Collected data:
----
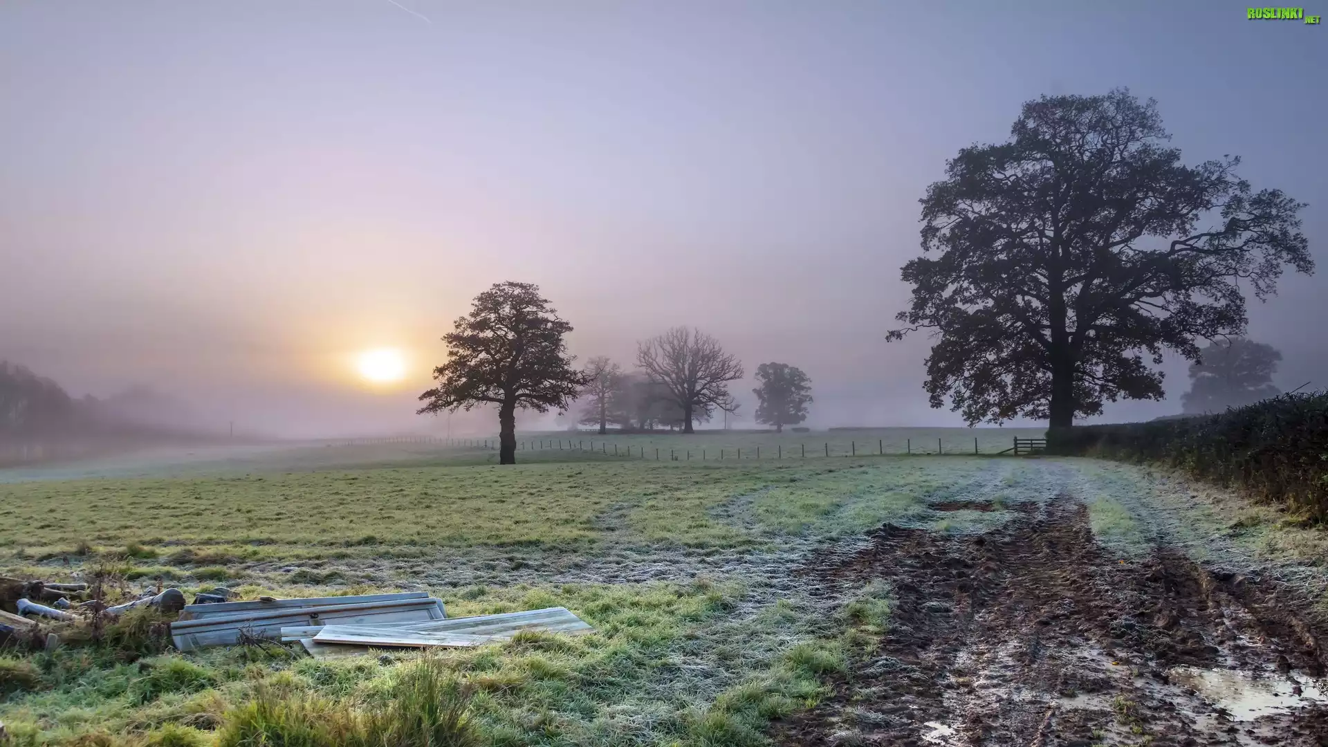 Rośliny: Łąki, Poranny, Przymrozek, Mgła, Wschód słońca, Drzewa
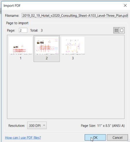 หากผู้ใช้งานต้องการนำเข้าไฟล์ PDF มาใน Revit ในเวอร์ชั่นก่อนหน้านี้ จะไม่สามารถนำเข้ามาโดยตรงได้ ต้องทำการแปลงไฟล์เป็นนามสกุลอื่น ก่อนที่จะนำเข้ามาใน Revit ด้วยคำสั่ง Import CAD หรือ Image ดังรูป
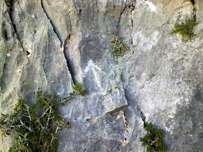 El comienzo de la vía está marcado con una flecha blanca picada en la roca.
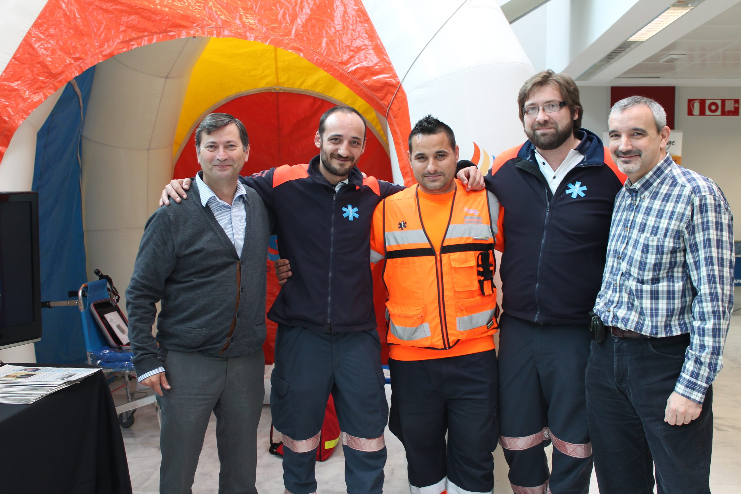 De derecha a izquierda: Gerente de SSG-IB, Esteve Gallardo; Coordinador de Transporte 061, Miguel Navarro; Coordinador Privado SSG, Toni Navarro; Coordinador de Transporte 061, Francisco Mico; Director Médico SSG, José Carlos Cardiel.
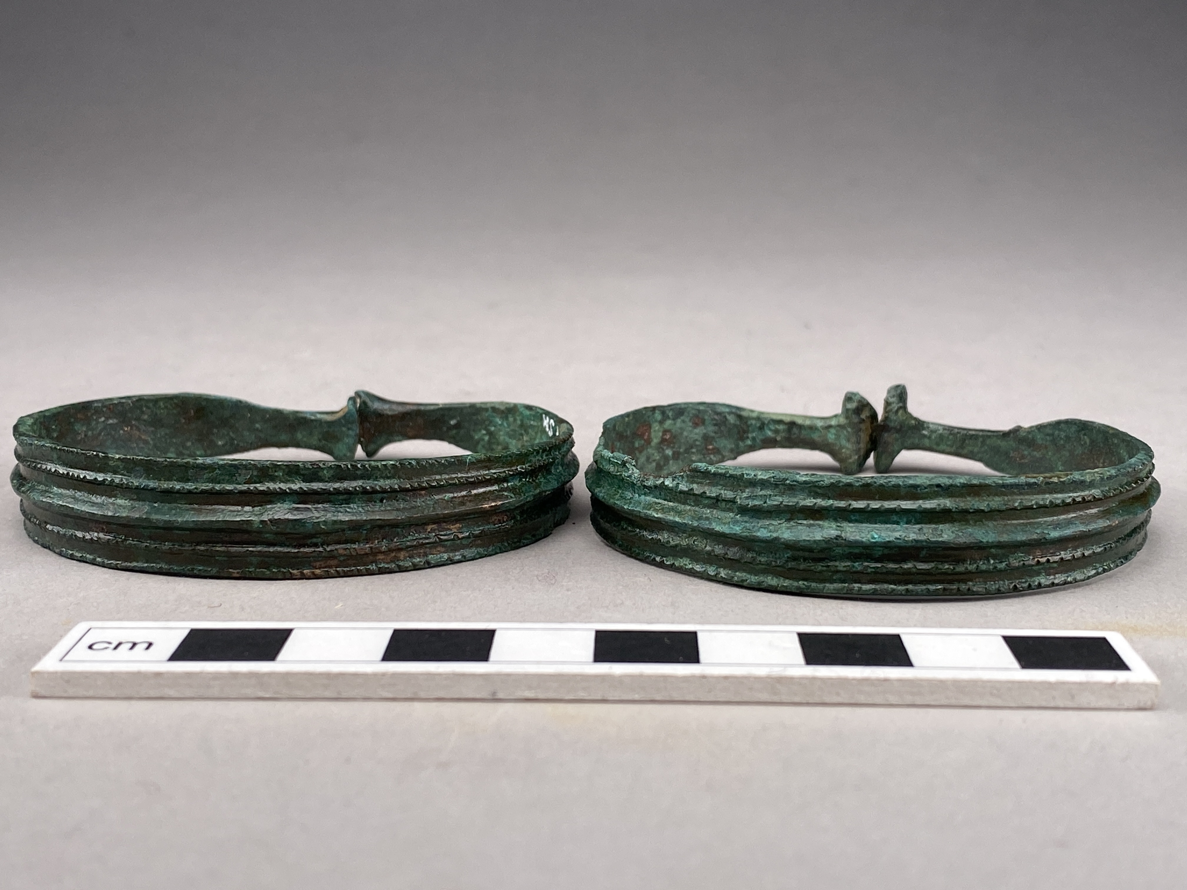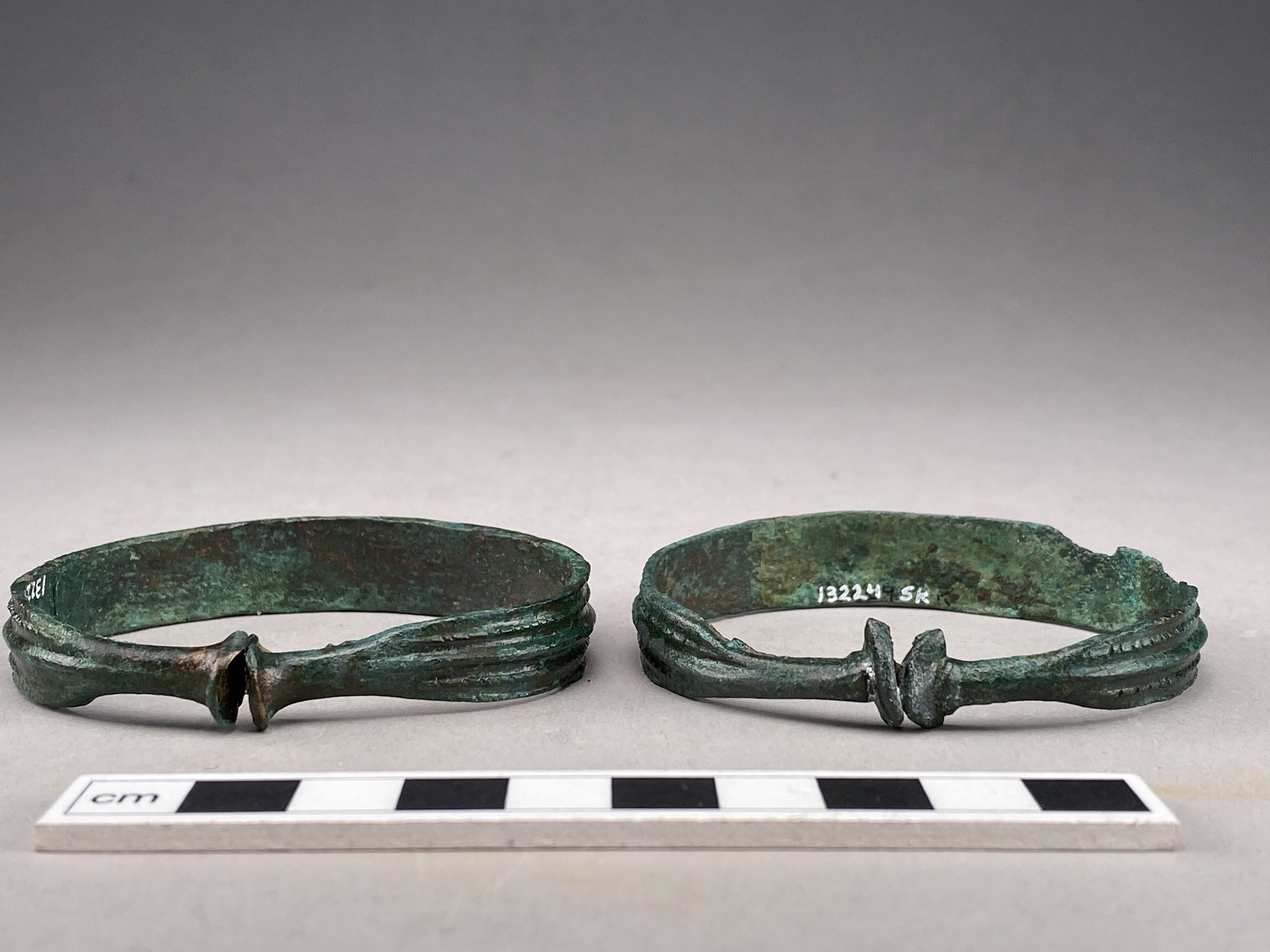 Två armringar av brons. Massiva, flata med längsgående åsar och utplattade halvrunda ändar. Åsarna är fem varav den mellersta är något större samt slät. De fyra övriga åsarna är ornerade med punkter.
----
Every record must be transcribed faithfully, with no picture carried over.

- **Result of the exercise**:
 Rośliny: Łąki, Poranny, Przymrozek, Mgła, Wschód słońca, Drzewa
 หากผู้ใช้งานต้องการนำเข้าไฟล์ PDF มาใน Revit ในเวอร์ชั่นก่อนหน้านี้ จะไม่สามารถนำเข้ามาโดยตรงได้ ต้องทำการแปลงไฟล์เป็นนามสกุลอื่น ก่อนที่จะนำเข้ามาใน Revit ด้วยคำสั่ง Import CAD หรือ Image ดังรูป
 El comienzo de la vía está marcado con una flecha blanca picada en la roca.
 De derecha a izquierda: Gerente de SSG-IB, Esteve Gallardo; Coordinador de Transporte 061, Miguel Navarro; Coordinador Privado SSG, Toni Navarro; Coordinador de Transporte 061, Francisco Mico; Director Médico SSG, José Carlos Cardiel.
 Två armringar av brons. Massiva, flata med längsgående åsar och utplattade halvrunda ändar. Åsarna är fem varav den mellersta är något större samt slät. De fyra övriga åsarna är ornerade med punkter.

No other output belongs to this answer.